The annual report made by the Secretary was given in full in our November Magazine, and is also published in leaflet form for free distribution to those desiring it.
We give below extracts from the addresses of the missionaries.
MOUNTAIN WHITE WORK.
BY MRS. A.A. MYERS.
In my younger days I never remember looking at the forests that skirt the horizon without an indefinable questioning as to what lay beyond. It was easy to picture stretches of landscape and quiet homes like our own, but the query was ever the same, what is still beyond?
The first Sabbath I attended church in the mountains of Kentucky, having listened to the quaint singing before entering the rough-board building, seating myself on one of the slab benches near a box stove, which had but one length of pipe, out of which the smoke was pouring towards an opening in the roof, glancing around on the women in their sun bonnets, the babies in their little calico caps and the men in homespun, then out of the open door into a ravine where the tops of the tall trees were beneath us, I said to myself, I've reached "that beyond." The undefined has taken shape and I have reached the place of which I could never formulate a picture. Seven years' acquaintance in this mountain country has not changed my opinion. We are in another world, and if I could describe that world so you could see it as it is, could feel its needs as we feel them day by day, it is all I could ask.
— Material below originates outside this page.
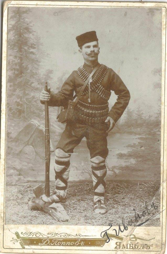 IMARO revolutionary Gavril Ivanov from Pehchevo.

Philosophers might describe it as the dead centre of motion; at least it has remained seemingly unmoved, while all the world around it has been moving forward.
Here in these mountains live over two million people, two-thirds of whom have never written nor received a letter, could not read one if printed and sent them. They take no newspapers, and the great events of nations or discoveries of science have been nothing to them. Questions of vital importance to our country have never troubled them. They knew there was a war, for contending armies met on their grounds. With few exceptions their sympathies were with the Union. Too poor to own slaves to any extent, they had no motive for seceding, and many of them joined our army and were faithful soldiers.